Fenimorea tartaneata

Scientific classification
- Kingdom: Animalia
- Phylum: Mollusca
- Class: Gastropoda
- Subclass: Caenogastropoda
- Order: Neogastropoda
- Superfamily: Conoidea
- Family: Drilliidae
- Genus: Fenimorea
- Species: F. tartaneata
- Binomial name: Fenimorea tartaneata Fallon, 2016

= Fenimorea tartaneata =

- Authority: Fallon, 2016

Species of gastropod

Fenimorea tartaneata is a species of sea snail, a marine gastropod mollusc in the family Drilliidae. The species was described by Phillip J. Fallon in 2016 during a taxonomic review of shallow-water tropical western Atlantic Drilliidae.

==Taxonomy==
Phillip J. Fallon described F. tartaneata as a new species in 2016. The description was published in a Zootaxa monograph that reviewed shallow-water, tropical western Atlantic Drilliidae and described 100 new species based on the examination of more than 3,200 specimens from museum and private collections. Plazi TreatmentBank places the treatment of F. tartaneata on pages 204–205 of Fallon's monograph. MolluscaBase and the World Register of Marine Species treat Fenimorea tartaneata as an accepted name and assign it AphiaID 872032.

==Description==
Fenimorea tartaneata has a medium-sized shell, with reported specimens reaching about 29 mm in total length. The shell is comparatively broad for the genus, with a relatively broad spire and deep spiral grooves. Its central colour band is patterned rather than solid, a character used to separate it from the related species Fenimorea janetae.

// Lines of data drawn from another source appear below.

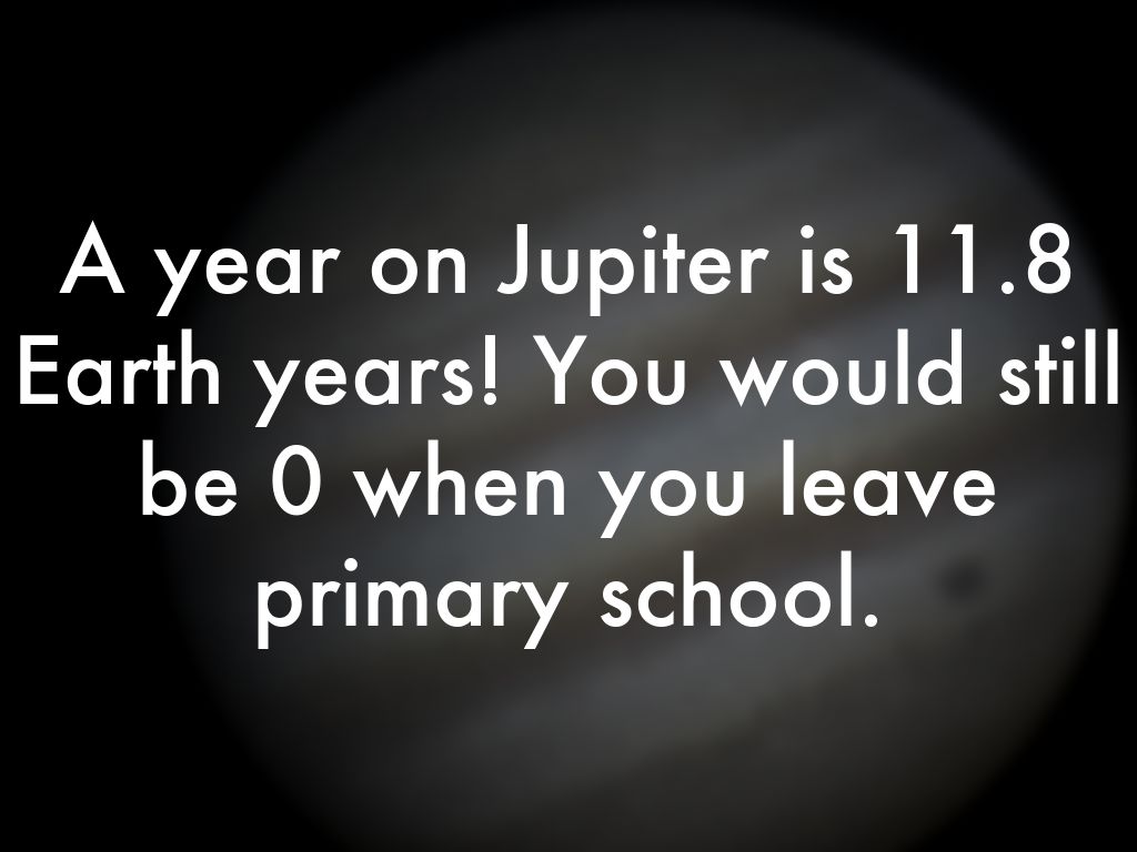 A year on Jupiter is 11.8 Earth years! You would still be 0 when you leave primary school.
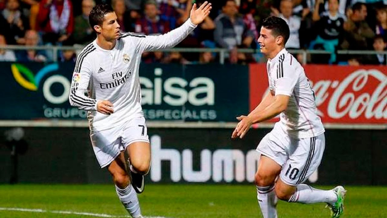 » En la imagen, Cristiano y James en la celebración del 0-2″
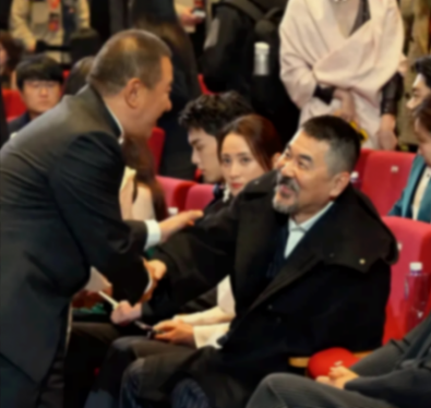 其妻子蔣勤勤只是微微抬頭掃了一眼,看到是丁勇岱后,話也沒說一句,就低頭繼續看手機了。不同的是,陳建斌與張藝謀見面時的態度則是截然相反。反而是坐在第二排的吳剛和董勇頁站起來跟丁勇岱打了招呼。
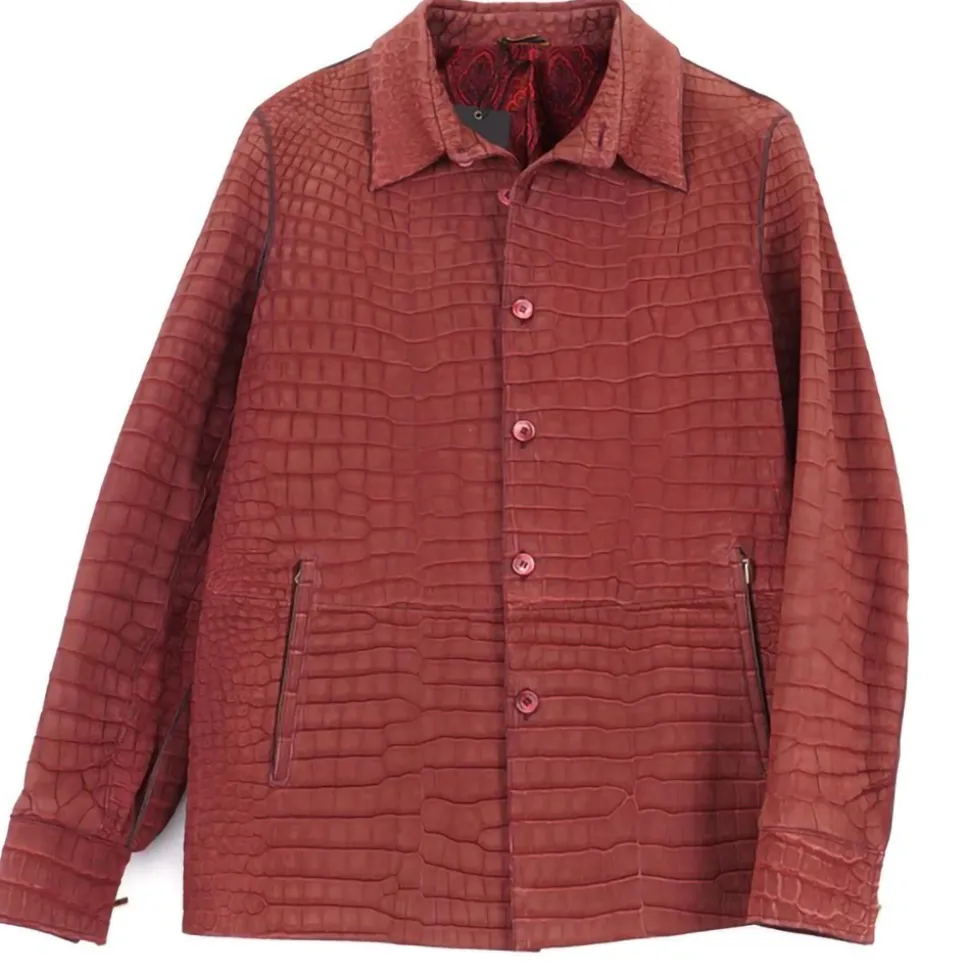 Jovanny Capri – Magnificent Suede Shirt with Crocodile Motif – Leather Shirt – Luxury High Quality
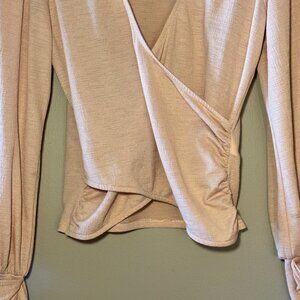 Tags: topshop, wrap, front, tie sleeve, blouse, deep v neckline, texture material, long sleeve, flowy ties, blush pink, womens top, casual, romantic, Old Money, casual, date night, day outings, vacation, summer, winter, spring, fall, concert wear, parties, errands, coffee date, get-togethers, bbq, night out, rooftop, business casual, career, professional, business attire, interview, successful, powerful, business trips, feminine, girly, fun, flirty, crop, barbiecore, Bows on Bows
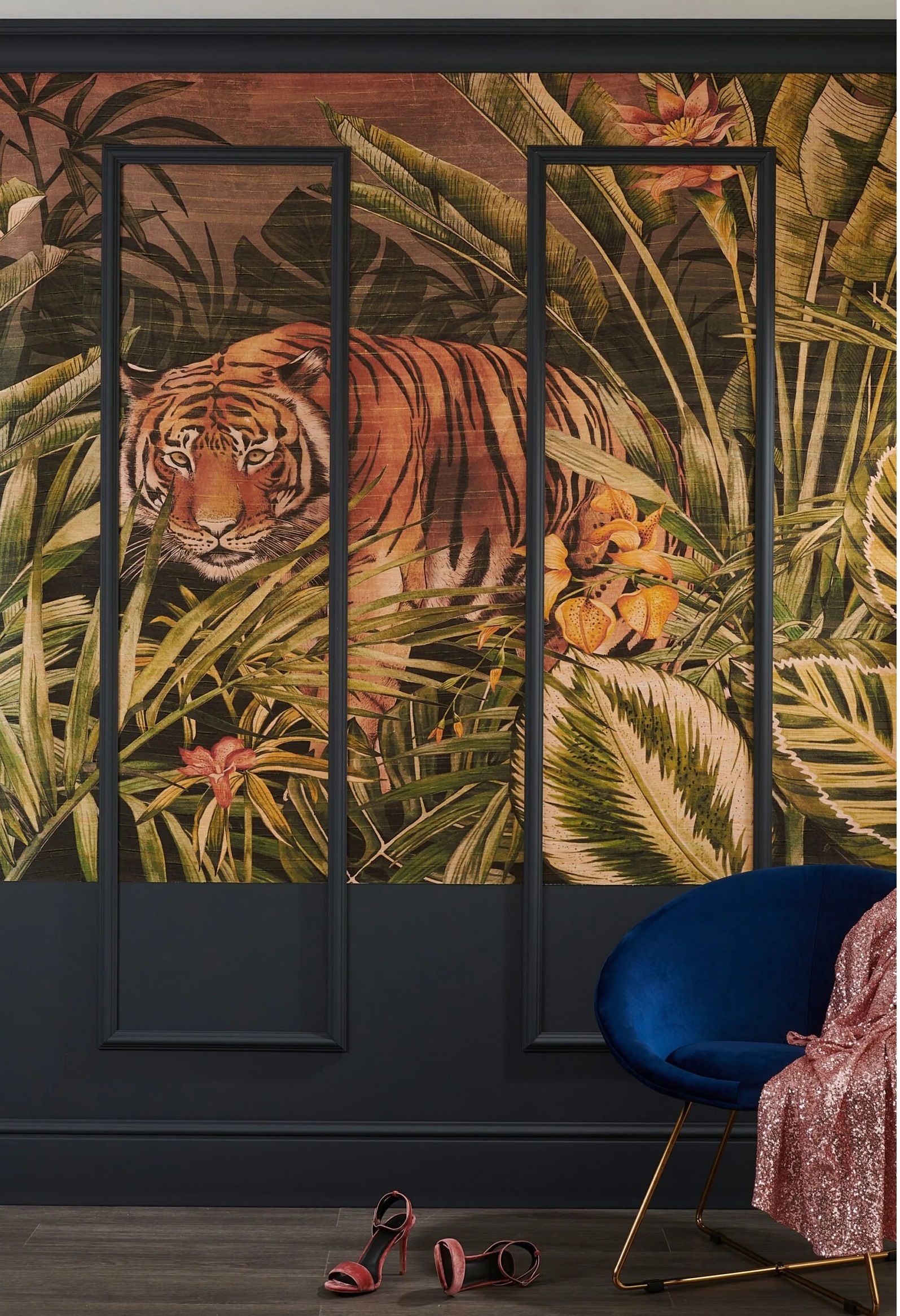 Poniżej inspiracja na zastosowanie listew na całej powierzchni ścian - również wokół futryny drzwi. Dodatkowo fragmenty listew pomalowane zostały na kolor złoty, nadając aranżacji elegancji i szyku.
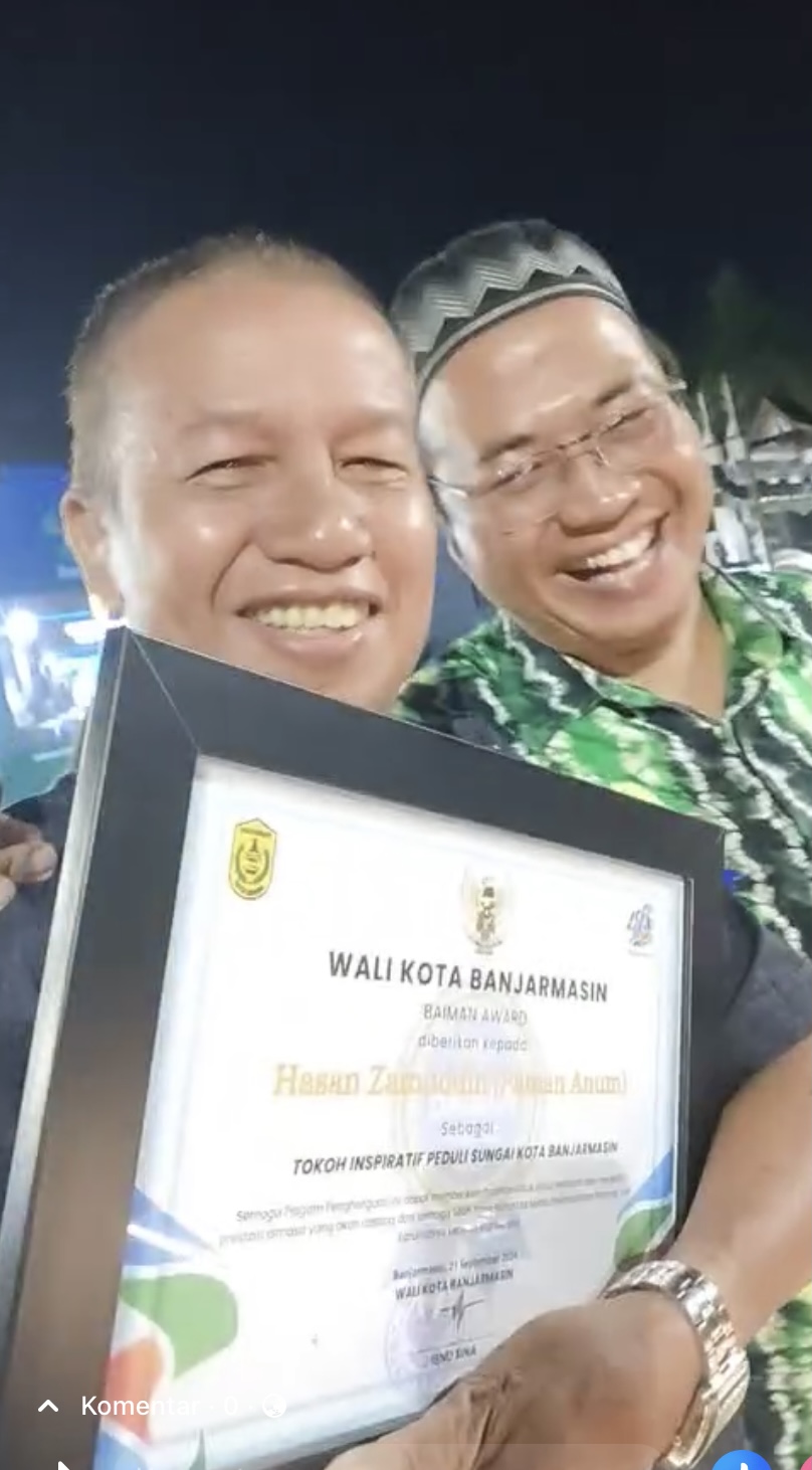 BANJARMASIN aktualkalsel.com–Dia baru saja menerima penghargaan sebagai Tokoh Inspiratif Peduli Sungai Banjarmasin oleh walikota Ibnu Sina pada puncak gelar budaya Hari Jadi ke 489 Banjarmasin Sabtu 21 September 2024.
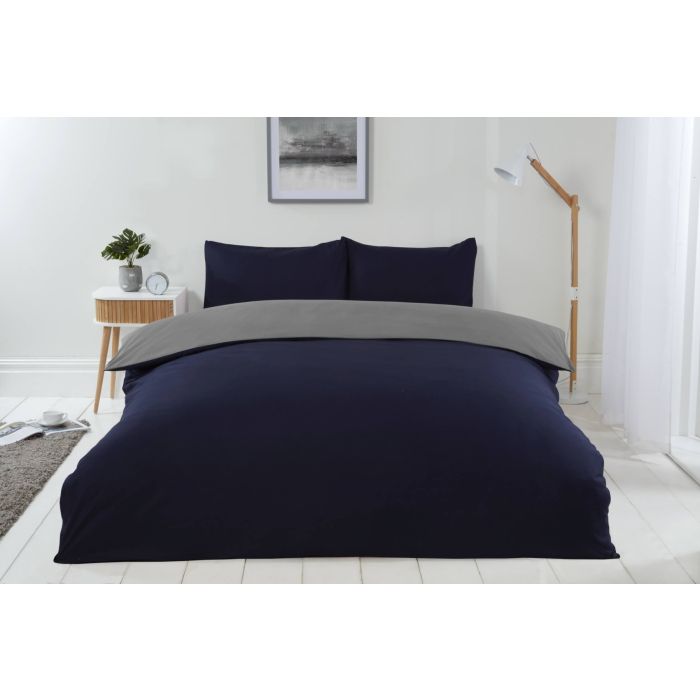 Soft Touch Lyra Reversible Duvet Cover Set Navy & Grey
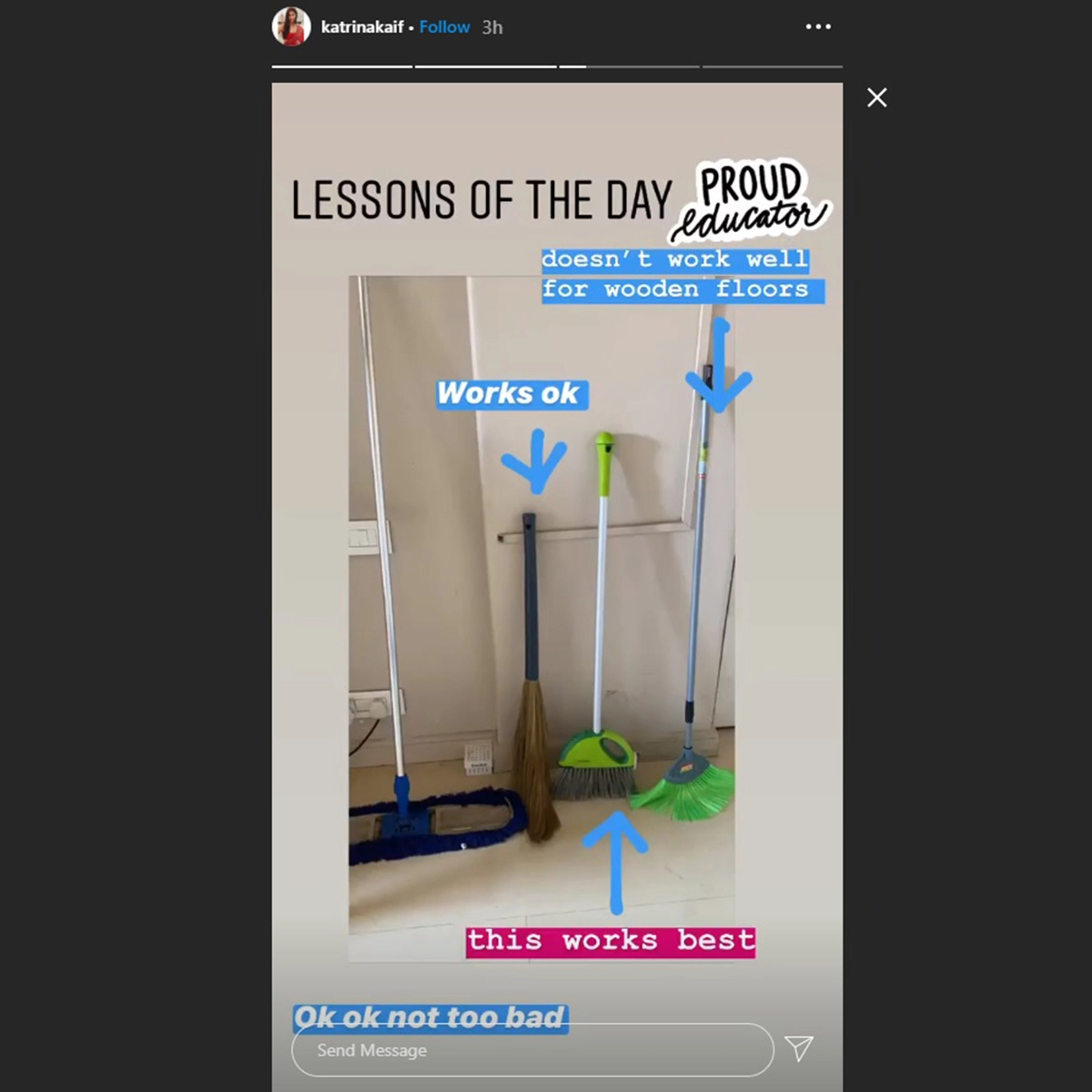 The current lockdown scenes in the country have led to our Bollywood celebs do their household chores on their own. Be it cooking, cleaning utensils to even shopping for the veggies, the stars are doing all the things by themselves minus any house help. Among the pool of B-townies who are performing these tasks, is also actress Katrina Kaif. The Chikni Chameli of Bollywood has till now shown us how to make pancakes and chop vegetables. And now, she's back with another gyaan and it's related to brooms. Yep, Kat took to Instagram stories and shared 'lesson of the day' which she learnt while doing the cleaning her home sweet home. Katrina Kaif's Chef Mode on, Actress Posts Her Video From Kitchen on Instagram.
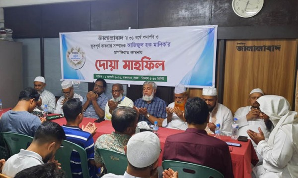 মঙ্গলবার (১ আগস্ট) বাদ আসর দৈনিক জালালাবাদ কার্যালয়ে এ মাহফিল অনুষ্ঠিত হয়। সম্পাদক মুকতাবিস উন নূরের সভাপতিত্বে এসময় বক্তব্য রাখেন, সিলেট মহানগর বিএনপির সভাপতি নাসিম হোসাইন, জামায়াতে ইসলামী সিলেট মহানগর আমীর ফখরুল ইসলাম, বাংলাদেশ খেলাফত মজলিসের কেন্দ্রীয় নায়েবে আমীর মাওলানা রেজাউল করিম জালালী, জালালাবাদ সিন্ডিকেটের ব্যবস্থাপনা পরিচালক অধ্যাপক আব্দুল হান্নান, দৈনিক সিলেটের ডাকের প্রধান বার্তা সম্পাদক এনামুল হক জুবের, সিলেট প্রেসক্লাবের সাধারণ সম্পাদক আব্দুর রশিদ মো. রেনু, দক্ষিণ সুরমা উপজেলা পরিষদের সাবেক চেয়ারম্যান মাওলানা লোকমান আহমদ, ইংল্যান্ড প্রবাসী কমিউনিটি ব্যক্তিত্ব ব্যারিস্টার মাওলানা আব্দুল মালিক, সিলেট বিভাগীয় ফটো জার্নালিস্ট এসোসিয়েশনের সভাপতি আব্দুল বাতিন ফয়সল, দৈনিক জালালাবাদের সহকারী সম্পাদক নিজাম উদ্দীন সালেহ, যুগ্ম বার্তা সম্পাদক আহবাব মোস্তফা খান। দোয়া পরিচালনা করেন কুদরত উল্লাহ জামে মসজিদের ইমাম ও খতিব মাওলানা সাইদ বিন নূরুজ্জামান আল মাদানী।

In comparative notes, Fallon treated F. tartaneata as similar in general appearance to Fenimorea chaaci, with both species having a broadly fusiform, squat shell profile and numerous ribs, but differing in shell form, sculpture and colour pattern.

==Distribution and habitat==
This marine species is known only from Honduras, in the western Caribbean Sea. The type locality is Trujillo Bay, Honduras, at about , where specimens were reported from a depth of 20 m on soft sand.